I think with you we had better refund his fine by private contributions. I enclose you an order on Gibson & Jefferson for $50, which I believe is one fourth of the whole sum.
59

Only three days later, following a meeting in which Callender responded viciously against Jefferson's offer of personal help, the formerly sympathetic Jefferson understandably underwent a complete change of heart toward Callender. As he explained to Monroe:

Since [my last letter, three days ago], Callender is arrived here. He did not call on me; but understanding he was in distress, I sent Captain [Meriwether] Lewis to him with $50 to inform him we were making some inquiries as to his fine, which would take a little time; and lest he should suffer in the meantime I had sent him &c. His language to Captain Lewis was very high-toned. He intimated that he was in possession of things which he could and would make use of in a certain case: that he received the $50 not as a charity, but a due, in fact as hush money; that I knew what he expected, viz. a certain office [Richmond postmaster], and more to this effect. Such a misconstruction of my charities puts an end to them forever. You will therefore be so good as to make no use of the order I enclosed you [to repay the fine by private funds].
60

Jefferson's instructions to withhold further relief from Callender arrived too late. As Governor Monroe told Jefferson, “Your [letter] just received. It is to be regretted that Capt[ain] Lewis paid the money. . . . [Y]our resolution to terminate all communication with him is wise.”
61

19

On the same day Monroe wrote Jefferson, Madison wrote Monroe describing the outrageous nature of his own meeting with Callender:

Callender made his appearance here some days ago in the same temper which is described in your letter.

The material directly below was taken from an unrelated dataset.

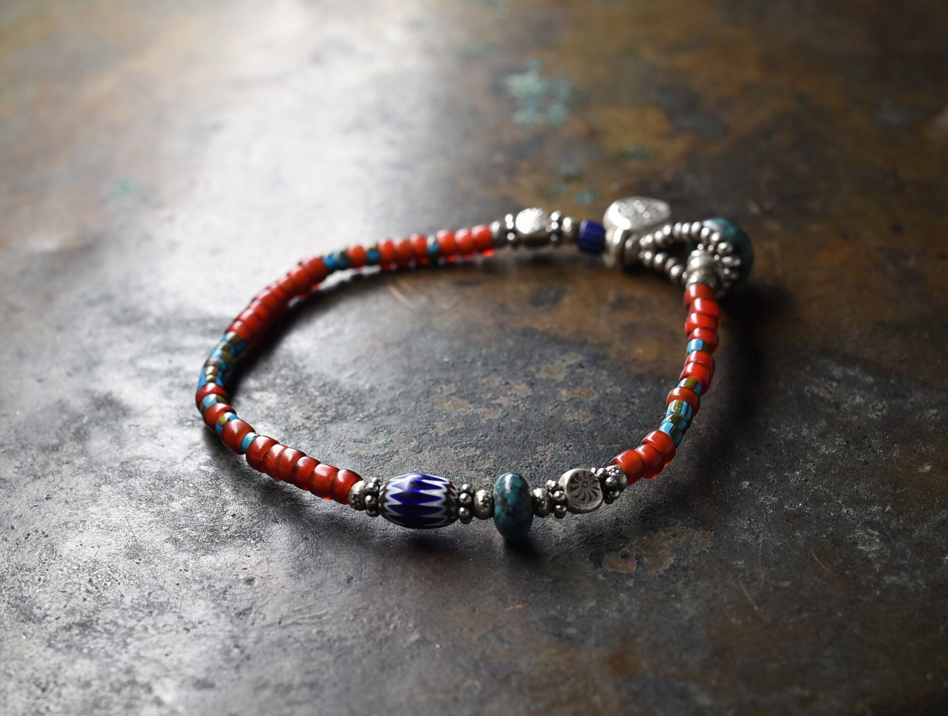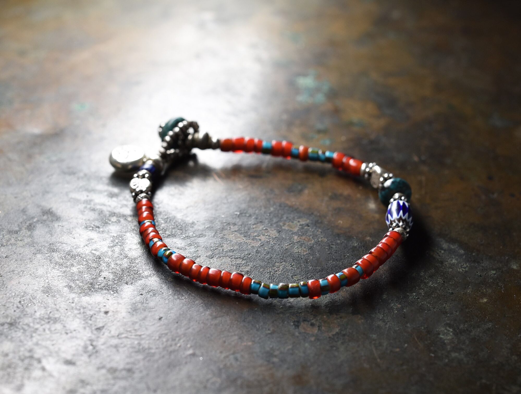 シェブロンビーズなどを挟んでいる花形のシルバービーズはインドシルバーです。

He seems implacable [bull-headed] towards the principle object of his complaints and not to be satisfied in any respect without an office. It has been my lot to bear the burden of receiving & repelling his claims. . . . It is impossible however to reason concerning a man whose imagination & passions have been so fermented [soured].
62

Madison then explained to Monroe part of the reason why he believed Callender was so irrational:

Do you know, too, that besides his other passions, he is under the tyranny of that of love? . . . The object of his flame is in Richmond. . . . He has flattered himself, and probably been flattered by others, into a persuasion that the emoluments [compensations] and reputation of a post office would obtain her in marriage. Of these recommendations, however, he is sent back in despair. With respect to the fine even, I fear that delays, if nothing more, may still torment him and lead him to torment others. . . . Callender's irritation, produced by his wants, is whetted constantly by his suspicion that the difficulties, if not intended, are the offspring of indifference in those who have interposed in his behalf [Jefferson].
63

Five days later Governor Monroe responded to Madison's letter, telling him of his own meeting with Callender:

I have your [letter] and have since seen Mr. Callender, with whom I had much conversation. . . . I dwelt particularly on the remission of the fine. . . . Still he added that some little office would greatly accommodate him, and without one he did not know how he should subsist. That he was tired of the press &c.
64

20

But even while Jefferson was working to obtain the return of the fine, Callender announced his intention to punish Jefferson. Having obtained neither the postal appointment (or any other “little office”) nor the full return of his fine, he became incensed against Jefferson. Complaining that Jefferson had turned his back on him, he grumbled “I now begin to know what ingratitude is”
65
and issued the ominous warning that he was “not the man who is either to be oppressed or plundered with impunity.”
66

The disgruntled Callender who previously had written only for Republican newspapers—that is, pro-Jefferson and Anti-Federalist publications—actively sought a job with the
Recorder
, a Federalist newspaper in Richmond that was openly critical of President Jefferson. Callender then launched a series of virulent attacks against Jefferson in articles written throughout 1801, 1802, and 1803, accusing him, among other things, of “dishonesty, cowardice, and gross personal immorality.”
67
It was in these defamatory articles that Callender charged that Jefferson had fathered a child by Hemings.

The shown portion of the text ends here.